The LA fires aren’t just causing homelessness — they’re making it worse, a new study finds
Four newly published studies led by UCLA draw a clear line between climate disasters, housing instability and homelessness, with researchers pointing to the 2025 Los Angeles County wildfires as one of the most shocking recent examples.
In the case of the fire of January 2025, about 200,000 people lost their homes. “The wildfires were among the most painful urban fires in history, and as painful as they were for those who lost their homes, those who lived on the streets suffered,” Randall Kuhn, a professor in the UCLA Fielding Department of Public Health Sciences and a co-author of three of the studies, in a statement released by the university recently, published on Thursday.
Of the people experiencing homelessness in the affected communities surveyed in this study, more than a third reported injuries or other major disruptions in their lives as a result of the fire.
Those are the latest results in a wide set of four recently published papers which argue that homelessness should be understood as more than just a chronic housing crisis. Indeed, Kuhn said the study’s findings show how climate disasters and anti-homelessness policies can go hand in hand. He said that people who were recently displaced from their places are more likely to report the effects of the wildfire, and the fires put them at risk of destroying tents and destroying property.
“Homelessness is a crisis in itself, and it’s a situation where most people every month welcome the arrival of a new crisis,” Kuhn said.
Exposure to smoke during the fire also had adverse effects: 40% reported worsening respiratory symptoms, including coughing, shortness of breath and wheezing.
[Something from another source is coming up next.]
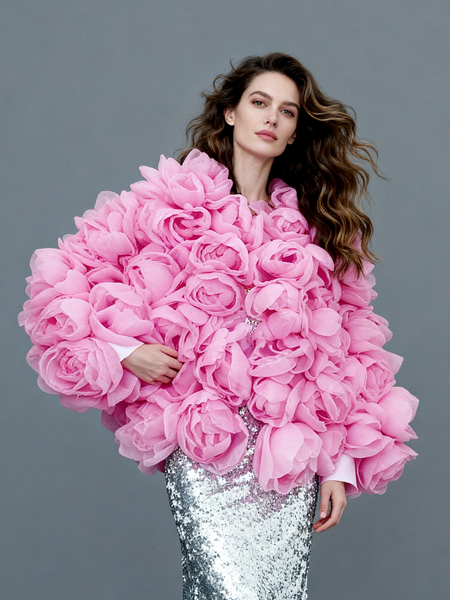 Luxurious Bridal Shrug. Rose Wedding Cape. Custom Color Flowery Shawl. Dreamy Event Cape with Sleeves

Kuhn said 31% of uninsured respondents reported an injury, which is more common among people who already have other health problems.
More than half of respondents said it is more difficult to find shelter after the fire than before.
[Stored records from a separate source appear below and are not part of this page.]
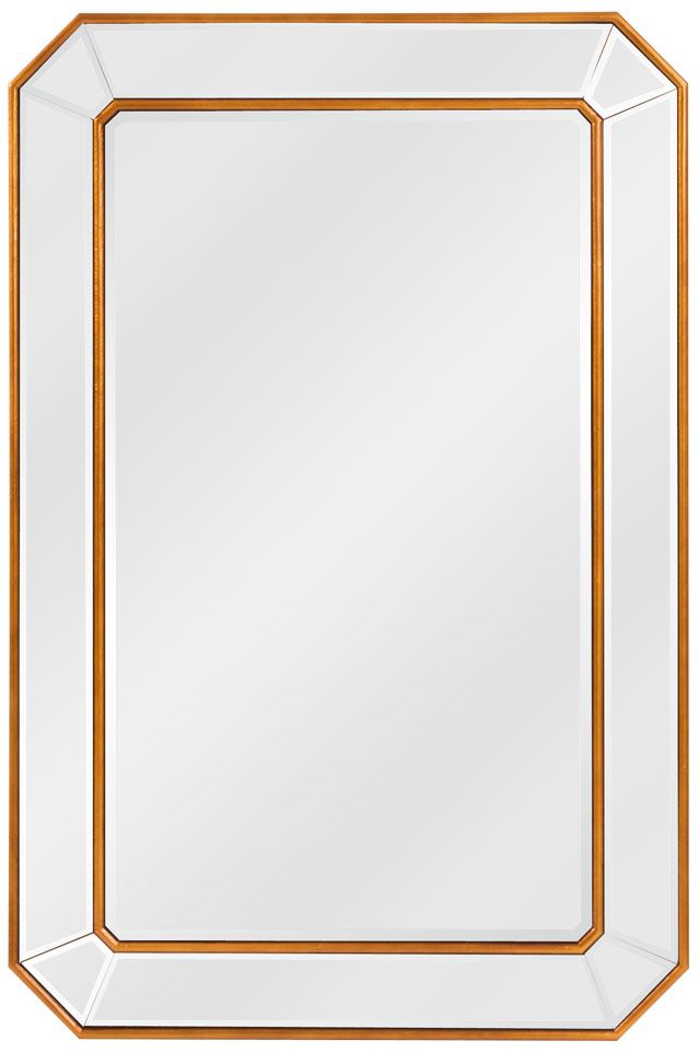 Decorate any space in your home with this versatile and easy to place beveled wall mirror. The beveled panels create beautiful dimension as the outer border in a gold leaf finish. Hang vertically or horizontally.
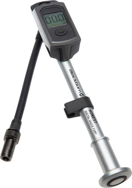 "The Honest Digital Shock Pump from Blackburn is the ideal companion for anyone who values precise air pressure control on their shocks and suspension forks. With its easy-to-read digital gauge, it enables precise monitoring and adjustment of the air pressure, which is essential for optimum performance and safety when riding. The innovative swivelpump head ensures that even valves that are difficult to access can be reached without any problemsu00f6nnennen. Thanks to the backlit display, the pressure indicator is clearly visible even in poor lighting conditions, which makes handling even easier."
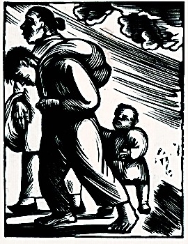 本书分为四个单元。“举国之殇”单元聚焦民族最深重的苦难:流离失所的难民蜷缩在废墟之间,饥寒交迫的妇孺沿街乞食,被奴役的同胞在铁蹄下挣扎求生……每一道遒劲的刻痕都浸透着血泪,那些战火中的流亡、劫后的荒芜、穷途的绝望,木刻特有的肌理表现化为震撼人心的视觉控诉,个体苦难反映着整个民族的集体创伤。

One of the lessons, published in JAMA Network Open on April 6, examined homelessness trends in all 50 states and Washington, DC, and found that each home lost to weather-related events per 10,000 people is associated with a one-point increase in homelessness.
“Our findings underscore the fact that homelessness can be seen as a predictable consequence of climate disasters,” Kathryn Leifheit, UCLA assistant professor and lead author of the national study, said in a news release.
According to Leifheit, from 2020 to 2022, the number of homeless people in the US increased by 11% – but if you remove climate disasters from the equation, that number would have decreased to 8%. The researchers controlled for rents and other economic factors, though Leifheit says the findings should still be interpreted with caution.
A similar national study found that preventing evictions during the COVID-19 pandemic appeared to blunt what would have been a significant increase in homelessness.
“If state and local governments had allowed deportations to continue during that time, we estimate that the average increase would have been about 20%,” said Craig Pollack, a Johns Hopkins physician and co-author of the study, in a statement.
Kuhn said the findings of the wildfire also revealed how disaster management programs can fail people who are already living without a place to hide.
She said disasters can cut homeless people off from day-to-day support, as outreach workers are diverted and places like libraries, soup kitchens and restaurants are closed. Street medicine groups and mobile clinics, which provide direct medical care to homeless people, can help close that gap, he said, and mutual aid networks and informal communication systems within the camp can help spread information to people who may have phones but are not connected to formal warning systems.
Another study in the series, published in magazine Social Sciences and Medicine in March, they found that encampment sweeps and regular displacement were associated with poorer physical and mental health among homeless people in Los Angeles.
The study found that about one-third of uninsured respondents had been swept in the month before they were tested, and about half had been displaced. Benjamin Henwood, USC social researcher and author of the paper, said that type of instability can cause people to lose medication, documents, property and communication with staff and care providers.
“In the long run, it creates a chronic instability that makes it more difficult to engage in health care, maintain treatment, or advance in housing,” Henwood said. “In fact, it keeps people in a position to start over.”
Kuhn said the findings highlight the need for closer cooperation between emergency response systems and homeless services so people can be better protected during future disasters. He added that these studies also indicate immediate policy responses and comprehensive efforts to reduce the risk of homelessness before and after disasters.
“Together, these actions will reduce the risk of homelessness, before and after disasters,” said Kuhn.